Personal information
- Born: 14 October 1973 (age 52) Cartagena, Colombia
- Height: 5 ft 10 in (178 cm)
- Weight: Light welterweight; Welterweight;

Boxing career
- Reach: 76 in (193 cm)
- Stance: Orthodox

Boxing record
- Total fights: 37
- Wins: 26
- Win by KO: 19
- Losses: 8
- Draws: 3

Medal record
Men's Amateur boxing
Representing Colombia
Central American and Caribbean Games
| Silver medal – second place | 1993 Ponce | Welterweight |

= Ener Julio =

Colombian boxer (born 1973)

Ener Julio (born 14 October 1973) is a Colombian former professional boxer who competed from 1994 to 2008. He held the WBO junior welterweight title from 2000 to 2002.

==Professional career==
Julio made his professional debut in 1994. He captured the WBO light welterweight title with a decision victory over Randall Bailey in Miami.
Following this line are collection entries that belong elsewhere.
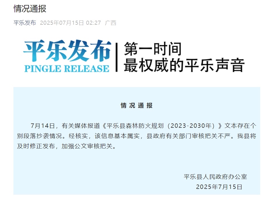 7月14日,有關(guān)媒體報道《平樂縣森林防火規(guī)劃(2023-2030年)》文本存在個別段落抄襲情況。經(jīng)核實,該信息基本屬實,縣政府有關(guān)部門審核把關(guān)不嚴(yán)。我縣將及時修正發(fā)布,加強公文審核把關(guān)。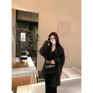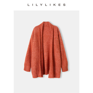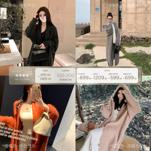 【暖橘色-中长开衫】阿拉善羊绒白绒+真丝.. 预定8个工作日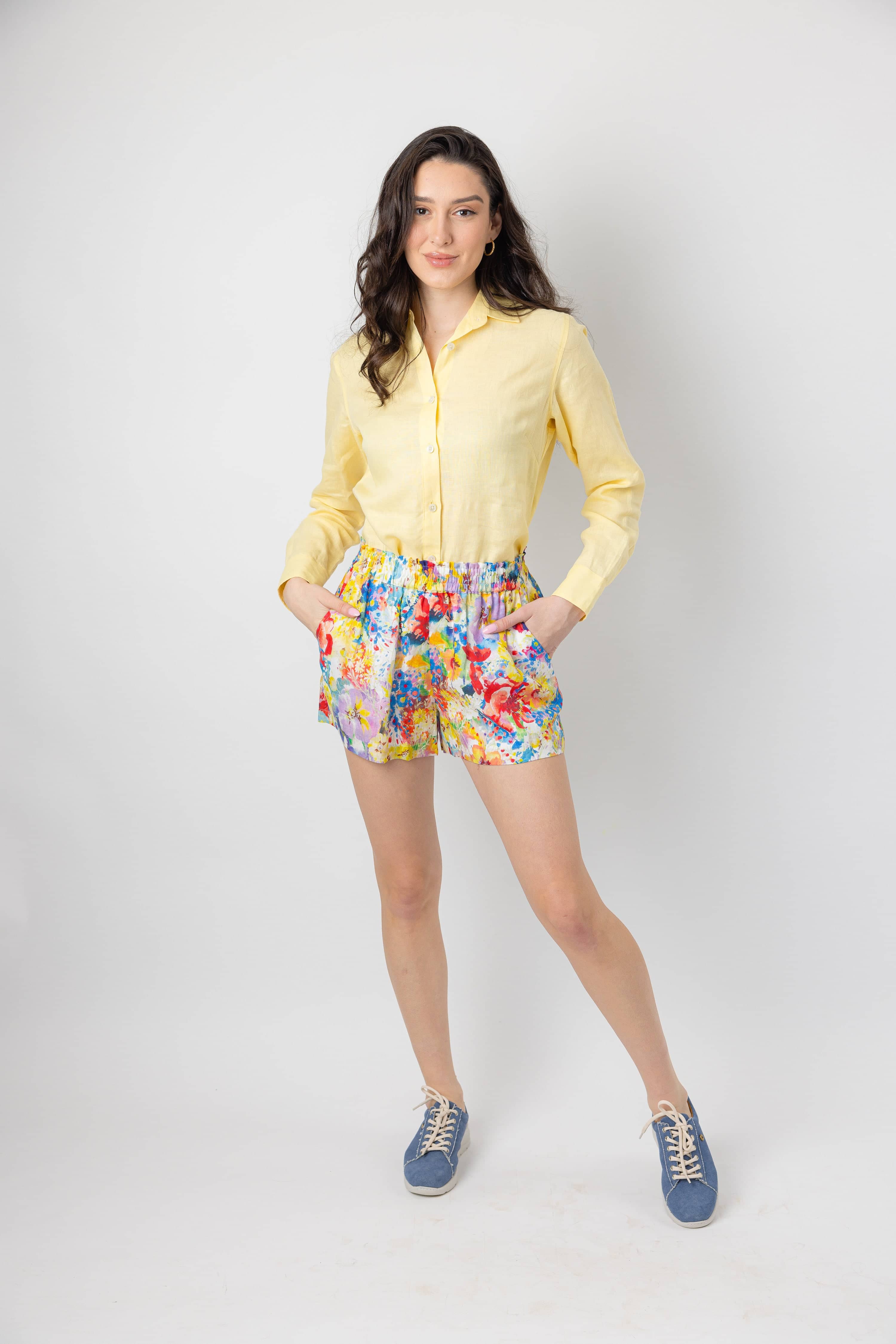 Featuring side pockets and a comfy cinched elastic waist, the Venice Linen Short is made from 100% European Linen in the USA. Pair it with a cute top and blazer for date night, a pair of our Cari Capri sneakers for picnics, or slip them on on your way to the beach!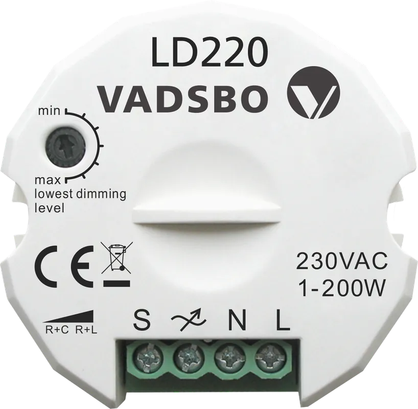 Universaltryckdimmer i liten dosformat för inbyggnads montering i vägg eller i apparatdosa. Speciellt anpassad för dimring av lågenergi- och LED-lampor. Fungerar även utmärkt vid dimring av LED-driftsdon och glödljus.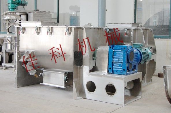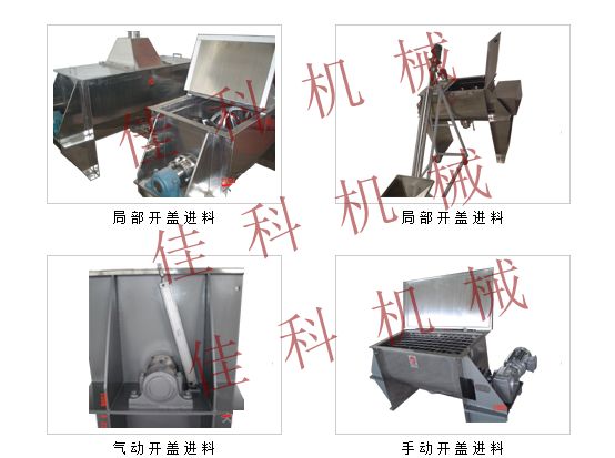调味料卧式混合机由混合仓、搅拌器、驱动装置基本组成,U型管状仓内安装双层异向螺带盘绕的搅拌器轴,外螺旋带在动力的驱动下,其盘绕形式配合旋转方向把物料从U型仓两端向中央地带推动,而内螺旋带把物料从中间向两端推动,形成对流混合。

Ener Julio was forced to withdraw out of a title defense against Felix Flores when cataracts were revealed during an eye exam, Julio was forced to vacate his title. Julio would get another shot at the title against DeMarcus Corley but would lose via unanimous decision.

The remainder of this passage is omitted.